排序命令：-g 与 -n 标志

Question 1

主要的区别在于对数字的处理科学计数法. 从开始info sort，使用-n（数字）排序时

 Neither a leading `+' nor exponential notation is recognized.  To
 compare such strings numerically, use the `--general-numeric-sort'
 (`-g') option.

例如，

$ cat file
+1.23e-1
1.23e-2
1.23e-3
1.23e4
1.23e+5
-1.23e6

然后

$ sort -n file
-1.23e6
+1.23e-1
1.23e-2
1.23e-3
1.23e4
1.23e+5

然而

$ sort -g file
-1.23e6
1.23e-3
1.23e-2
+1.23e-1
1.23e4
1.23e+5

Answer

主要的区别在于对数字的处理科学计数法. 从开始info sort，使用-n（数字）排序时

 Neither a leading `+' nor exponential notation is recognized.  To
 compare such strings numerically, use the `--general-numeric-sort'
 (`-g') option.

例如，

$ cat file
+1.23e-1
1.23e-2
1.23e-3
1.23e4
1.23e+5
-1.23e6

然后

$ sort -n file
-1.23e6
+1.23e-1
1.23e-2
1.23e-3
1.23e4
1.23e+5

然而

$ sort -g file
-1.23e6
1.23e-3
1.23e-2
+1.23e-1
1.23e4
1.23e+5

Question 2

从sort信息页面，排序-g由这些解释

‘-g’
‘--general-numeric-sort’
‘--sort=general-numeric’
     Sort numerically, converting a prefix of each line to a long
     double-precision floating point number.  *Note Floating point::.
     Do not report overflow, underflow, or conversion errors.  Use the
     following collating sequence:

        • Lines that do not start with numbers (all considered to be
          equal).
        • NaNs (“Not a Number” values, in IEEE floating point
          arithmetic) in a consistent but machine-dependent order.
        • Minus infinity.
        • Finite numbers in ascending numeric order (with -0 and +0
          equal).
        • Plus infinity.

     Use this option only if there is no alternative; it is much slower
     than ‘--numeric-sort’ (‘-n’) and it can lose information when
     converting to floating point.

sort -n是我们通常期望的自然排序

‘-n’
‘--numeric-sort’
‘--sort=numeric’
     Sort numerically.  The number begins each line and consists of
     optional blanks, an optional ‘-’ sign, and zero or more digits
     possibly separated by thousands separators, optionally followed by
     a decimal-point character and zero or more digits.  An empty number
     is treated as ‘0’.  The ‘LC_NUMERIC’ locale specifies the
     decimal-point character and thousands separator.  By default a
     blank is a space or a tab, but the ‘LC_CTYPE’ locale can change
     this.

     Comparison is exact; there is no rounding error.

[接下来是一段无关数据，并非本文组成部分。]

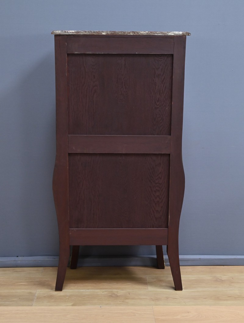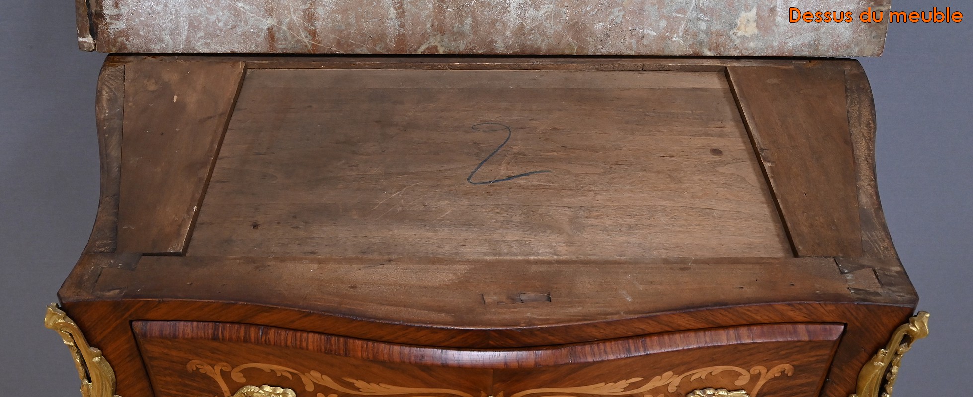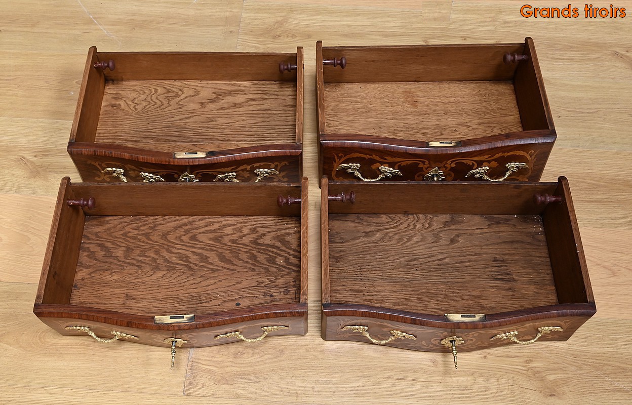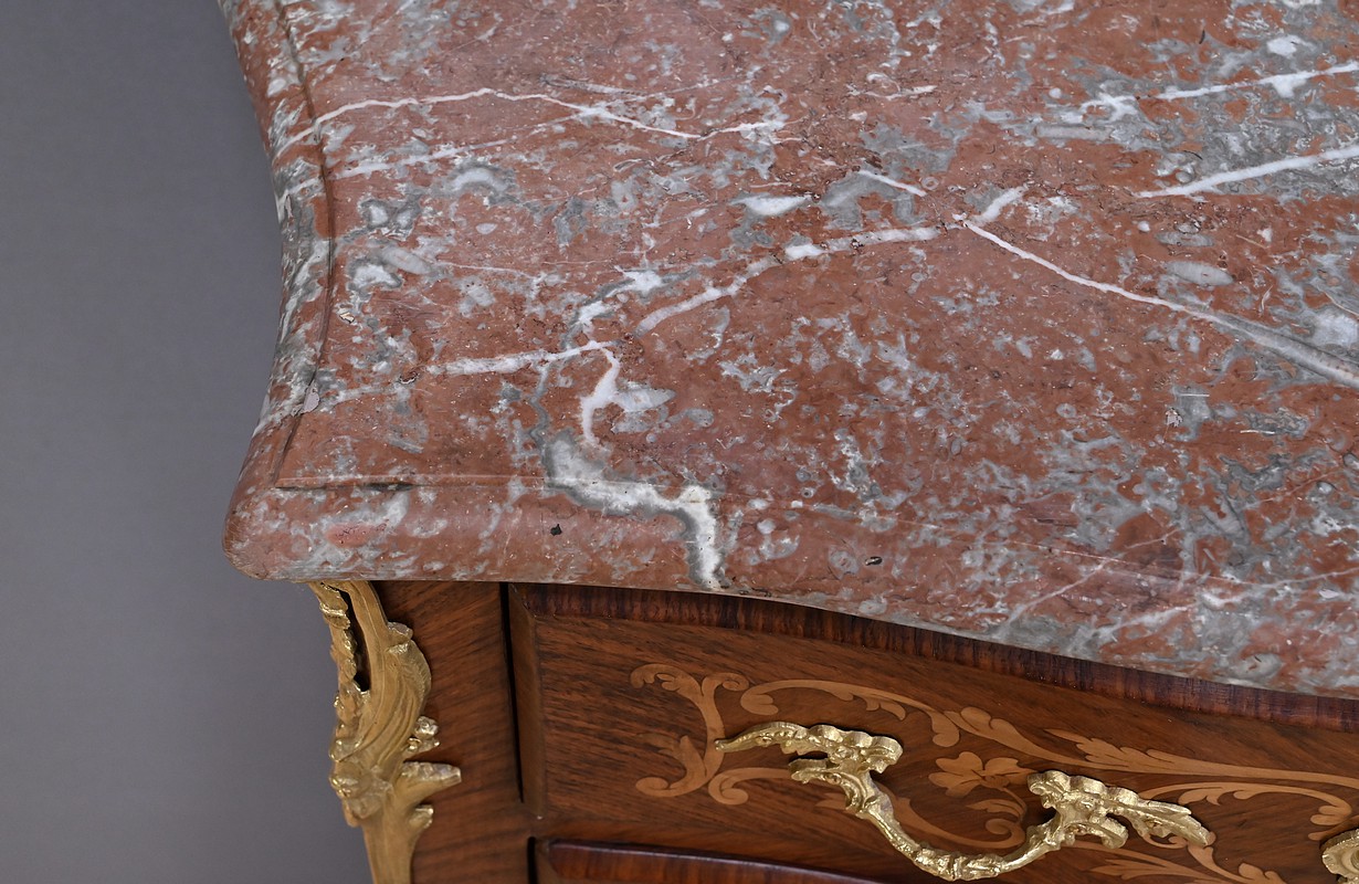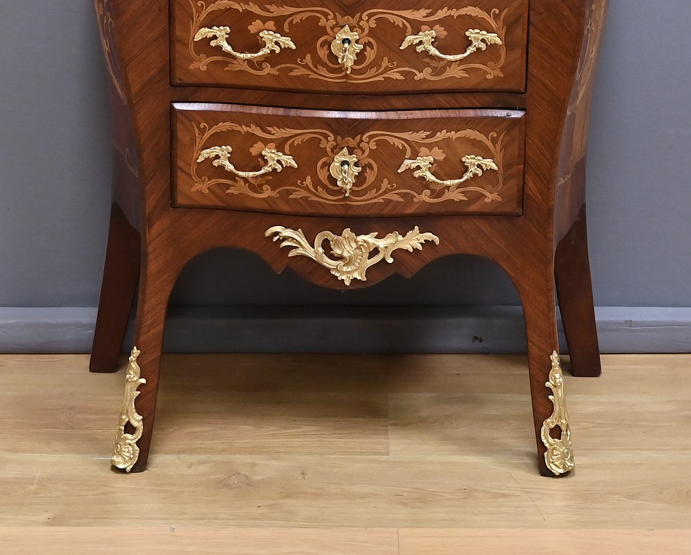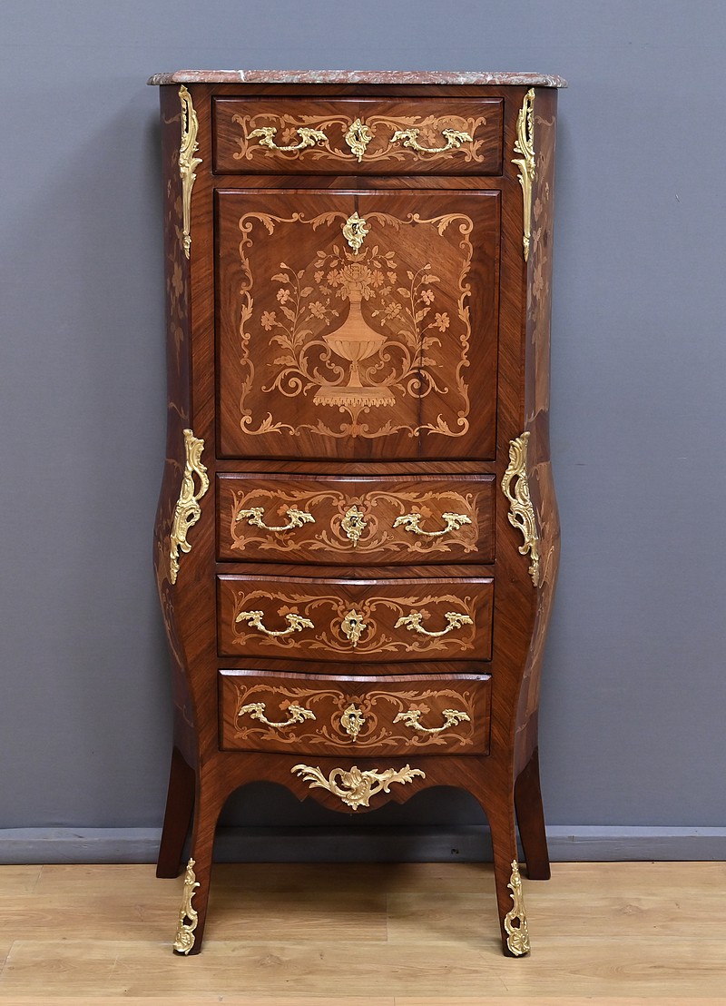 Superbe secrétaire d’époque Napoléon III, de style Transition, en placage de palissandre sublimé par une marqueterie de bois de rose et de bois clair à décor floral. Il s’organise en quatre tiroirs à traverses apparentes et un abattant central découvrant une niche et trois tiroirs. L’abattant, revêtu d’un cuir rouge neuf orné d’une vignette à froid et d’un élégant motif doré central, allie confort d’écriture et prestige esthétique. Les montants et pieds galbés sont rehaussés de chutes et de garnitures en bronze finement ciselées, tandis qu’une parure en bronze souligne la traverse basse du meuble. L’ensemble est couronné d’un marbre rouge royal, qui épouse avec grâce les lignes galbées du meuble. Toutes les serrures sont d’origine, parfaitement fonctionnelles, accompagnées de superbes entrées ouvragées et de clés finement travaillées. Une pièce remarquable, témoin de la qualité de l’artisanat français du XIXe siècle.

     Neither a leading ‘+’ nor exponential notation is recognized.  To
     compare such strings numerically, use the ‘--general-numeric-sort’
     (‘-g’) option.

查看Steeldriver 的回答以获得更好的解释。

Answer

从sort信息页面，排序-g由这些解释

‘-g’
‘--general-numeric-sort’
‘--sort=general-numeric’
     Sort numerically, converting a prefix of each line to a long
     double-precision floating point number.  *Note Floating point::.
     Do not report overflow, underflow, or conversion errors.  Use the
     following collating sequence:

        • Lines that do not start with numbers (all considered to be
          equal).
        • NaNs (“Not a Number” values, in IEEE floating point
          arithmetic) in a consistent but machine-dependent order.
        • Minus infinity.
        • Finite numbers in ascending numeric order (with -0 and +0
          equal).
        • Plus infinity.

     Use this option only if there is no alternative; it is much slower
     than ‘--numeric-sort’ (‘-n’) and it can lose information when
     converting to floating point.

sort -n是我们通常期望的自然排序

‘-n’
‘--numeric-sort’
‘--sort=numeric’
     Sort numerically.  The number begins each line and consists of
     optional blanks, an optional ‘-’ sign, and zero or more digits
     possibly separated by thousands separators, optionally followed by
     a decimal-point character and zero or more digits.  An empty number
     is treated as ‘0’.  The ‘LC_NUMERIC’ locale specifies the
     decimal-point character and thousands separator.  By default a
     blank is a space or a tab, but the ‘LC_CTYPE’ locale can change
     this.

     Comparison is exact; there is no rounding error.

     Neither a leading ‘+’ nor exponential notation is recognized.  To
     compare such strings numerically, use the ‘--general-numeric-sort’
     (‘-g’) option.

查看Steeldriver 的回答以获得更好的解释。

Question 3

从手册sort：

‘-n’
‘--numeric-sort’
‘--sort=numeric’

按数字排序。每行开头的数字由可选的空格、可选的“-”号和零个或多个数字组成，这些数字可能由千位分隔符分隔，后面可选跟一个小数点字符和零个或多个数字。空数被视为“0”。语言LC_NUMERIC环境指定小数点字符和千位分隔符。默认情况下，空格是空格或制表符，但语言LC_CTYPE环境可以更改这一点。

比较准确；没有舍入误差。

前导“+”和指数符号均无法识别。要以数字方式比较此类字符串，请使用--general-numeric-sort ( -g) 选项。

和;

'-G'
‘--general-numeric-sort’（一般数字排序）
‘--sort=general-numeric’

按数字排序，将每行的前缀转换为长双精度浮点数。请参阅浮点。不报告溢出、下溢或转换错误。使用以下排序顺序：

不以数字开头的行（均视为相等）。

NaN（IEEE 浮点算术中的“非数字”值）以一致但依赖于机器的顺序排列。

负无穷。

按升序排列的有限数（-0 和 +0 相等）。

正无穷。

仅在没有其他选择时才使用此选项；它比--numeric-sort（-n）慢得多，并且在转换为浮点时可能会丢失信息。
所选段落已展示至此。